I also headed out before dawn for a look. After a failed attempt to spot the new visitor on Saturday, I headed down to the Lake Superior shoreline at 5:30 a.m. today and waited until the comet rose above the murk. Using 7×50 binoculars in a similar narrow observing window, I could barely detect it as a small, fuzzy spot 2.5° south of 4th magnitude Lambda Virginis at 5:50 a.m. 10 minutes after the start of astronomical twilight. The camera did better!
With the comet climbing about 1° per day, seeing conditions and viewing time will continue to improve. The key to seeing it is finding a location with an unobstructed view to the southeast — that’s why I chose the lake — and getting out while it’s still dark to allow time to identify the star field and be ready when the comet rises to greet your gaze.

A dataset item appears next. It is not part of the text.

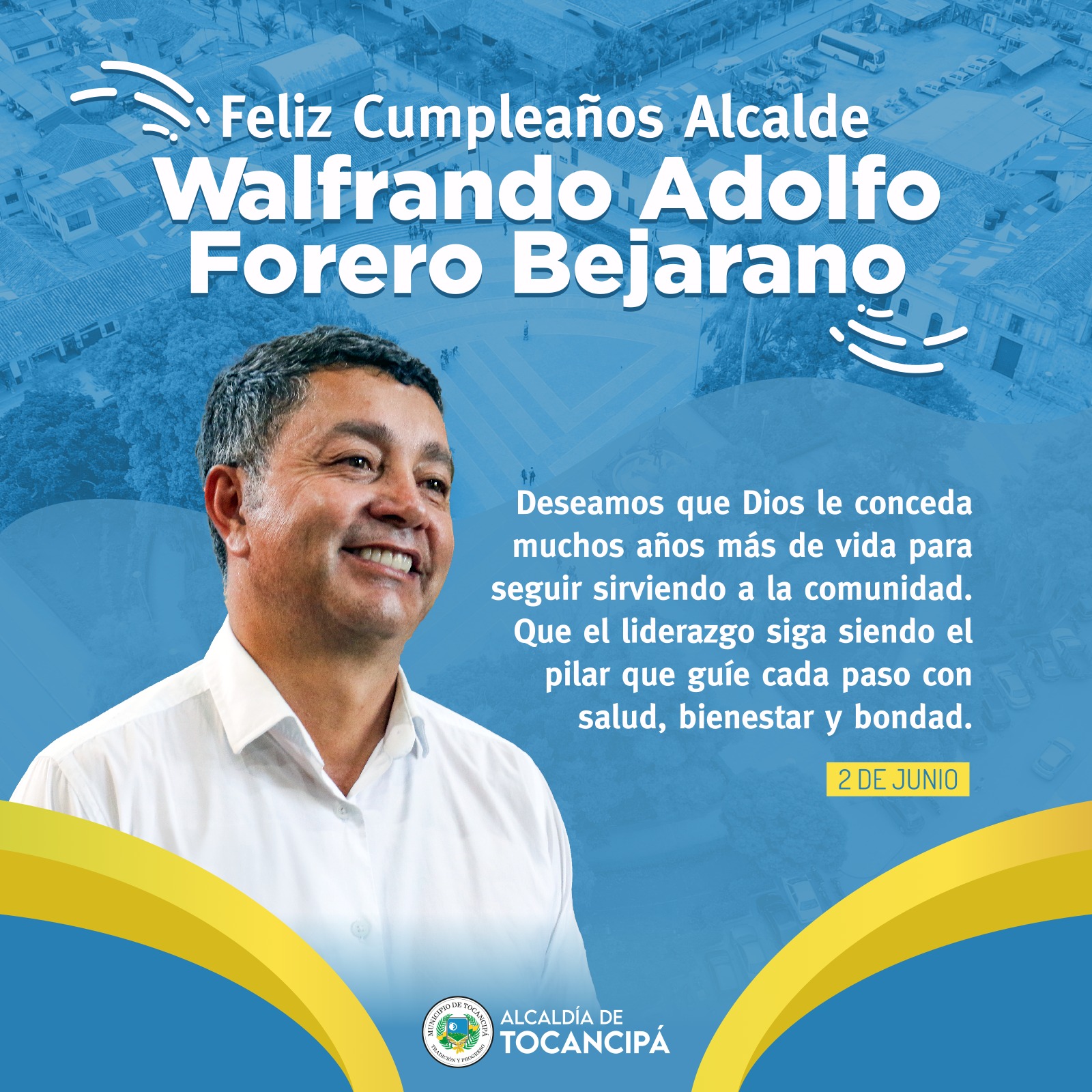 #FelizCumpleañosAlcalde | Alcalde Walfrando Forero Bejarano, en este día tan especial, todo el equipo de gobierno y muy especialmente la comunidad tocancipeña queremos desearle un ¡feliz y bendecido cumpleaños!

Alan Hale, discoverer of Comet Hale-Bopp,also tracked down Catalina this morning with an 8-inch (20-cm) reflector at 47x. He reported its magnitude at ~+6.1 with a 2-arc-minute, well-condensed coma and a faint wisp of tail to the southeast. In an e-mail this morning, Hale commented on the apparent odd angle of the dust tail:
“Since the comet is on the far side of the sun as seen from Earth, with the typical dust tail lagging behind, that would seem to create the somewhat strange direction. It (the tail) almost seems to be directed toward the Sun, but it’s a perspective effect.”
There were side benefits to getting up early today. Three bright planets lit up Leo’s tail and Virgo’s “Cup” and a magnificent display of zodiacal light rose from the lake to encompass not only the comet but all the planets as well.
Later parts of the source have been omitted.